The day’s celebration of Ann Krcik was marked by six other speakers, who each shed light on different aspects of Ann’s remarkable life and career.
Watch the moving speech Krcik gave when she was honored with Camber’s Lifetime Achievement Award at Outdoor Retailer + Snow Show this January.
Krcik loved to connect people
Carolyn Cooke, who co-founded Outdoor Industries Women’s Coalition (OIWC, now Camber Outdoors) with Krcik in the mid 90s, spoke about the “gold” that we all saw in Ann, and her gift at bringing people together.
Cooke explained that Ann was the force behind the early OIWC networking parties that launched the organization and shared this memory, one of her favorites:
“While the parties were great, she truly excelled at post-OR show camping trips,” said Cooke. “Twenty to 30 women camping in the Uinta’s—drinking wine, telling stories, and participating in activities designed to bring us together…One year the weather did not cooperate at all and in the midst of a torrential downpour, it was Ann who rallied us to move into the women’s restroom with our flashlights to sit on the floor and hear a woman speak about the importance of cultivating our intuitive decision-making skills.”
Throughout her life, Ann was known for lifting people up, Cooke said, calling her “a networker extraordinaire” who was always generous with her copious Rolodex.
And she was right. When Cooke asked the crowd for a show of hands as to how many people forged an important business or personal relationship due to an introduction by Ann, nearly everyone in the room raised their hand.

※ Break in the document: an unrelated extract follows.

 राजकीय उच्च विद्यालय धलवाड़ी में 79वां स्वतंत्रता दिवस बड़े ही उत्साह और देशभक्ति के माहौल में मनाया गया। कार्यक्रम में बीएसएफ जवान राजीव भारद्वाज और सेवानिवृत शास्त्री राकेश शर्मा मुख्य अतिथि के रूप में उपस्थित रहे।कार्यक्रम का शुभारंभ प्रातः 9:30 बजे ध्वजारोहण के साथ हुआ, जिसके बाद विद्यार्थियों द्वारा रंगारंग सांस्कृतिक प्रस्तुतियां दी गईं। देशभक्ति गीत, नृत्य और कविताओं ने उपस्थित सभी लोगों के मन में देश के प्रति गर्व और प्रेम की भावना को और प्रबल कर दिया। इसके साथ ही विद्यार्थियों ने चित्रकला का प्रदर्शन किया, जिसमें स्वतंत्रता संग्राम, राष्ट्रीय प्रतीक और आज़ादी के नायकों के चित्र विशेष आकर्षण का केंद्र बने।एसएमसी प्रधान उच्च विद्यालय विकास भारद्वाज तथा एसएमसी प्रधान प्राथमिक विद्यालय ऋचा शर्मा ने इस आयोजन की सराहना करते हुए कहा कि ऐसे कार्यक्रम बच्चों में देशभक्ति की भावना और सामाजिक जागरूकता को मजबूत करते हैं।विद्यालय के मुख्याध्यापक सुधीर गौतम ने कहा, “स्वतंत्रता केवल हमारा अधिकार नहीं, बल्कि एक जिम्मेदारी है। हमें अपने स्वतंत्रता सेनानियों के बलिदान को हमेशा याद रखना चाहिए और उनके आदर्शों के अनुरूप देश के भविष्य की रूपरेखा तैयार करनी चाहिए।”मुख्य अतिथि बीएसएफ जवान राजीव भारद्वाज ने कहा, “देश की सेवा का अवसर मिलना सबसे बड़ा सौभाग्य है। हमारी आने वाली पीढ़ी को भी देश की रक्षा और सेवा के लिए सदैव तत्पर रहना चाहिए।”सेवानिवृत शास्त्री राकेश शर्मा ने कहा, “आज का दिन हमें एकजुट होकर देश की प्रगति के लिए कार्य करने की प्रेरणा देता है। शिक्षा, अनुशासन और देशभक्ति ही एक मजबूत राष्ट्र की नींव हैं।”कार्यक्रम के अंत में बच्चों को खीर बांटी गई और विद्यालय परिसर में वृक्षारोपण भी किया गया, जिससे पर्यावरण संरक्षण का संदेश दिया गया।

“Ann used her own gold to polish and shine the gold that she saw in others…letting their light shine through.”
Other speakers included Ann’s brother Andrew, Bill Price, Anne Sheer and Anne Rockwell, Nancy Feagin, and Kristi Denton Cohen.

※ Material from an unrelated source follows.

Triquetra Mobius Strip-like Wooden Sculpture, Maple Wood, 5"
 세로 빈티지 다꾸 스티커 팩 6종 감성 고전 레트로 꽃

Right before the service ended with a jam session that Ann would have loved—recordings of two of her favorite Grateful Dead songs, Sugar Magnolia and Candy Man—Anderson closed the service with this quote from Edward Abbey:
May your trails be crooked, winding, leading to the most amazing view. May your rivers flow without end, meandering through pastoral valleys tinkling with bells, past domes and pinnacles and grottos of endless stone, where storms come and go as lightening clangs upon the high crags, where something strange and more beautiful and more full of wonder than your deepest dreams waits for you – beyond that next turning of the [mountain trail.]

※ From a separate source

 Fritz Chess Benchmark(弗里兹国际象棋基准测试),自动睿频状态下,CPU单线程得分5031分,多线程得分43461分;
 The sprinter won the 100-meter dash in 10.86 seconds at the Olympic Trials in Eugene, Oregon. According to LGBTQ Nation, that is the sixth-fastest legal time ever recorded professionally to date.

“Ann would tell us: Go on adventures. Make memories. Enjoy the journey,” Anderson concluded. “Farewell, Ann. We send you with our blessings and love. We are filled with joyful gratitude that we knew you. We will always remember you.”
Those wishing to honor Ann’s memory can donate to the Ann Krcik Advocacy Fund to ensure that women continue to develop community and connections that will shape the future of the outdoors.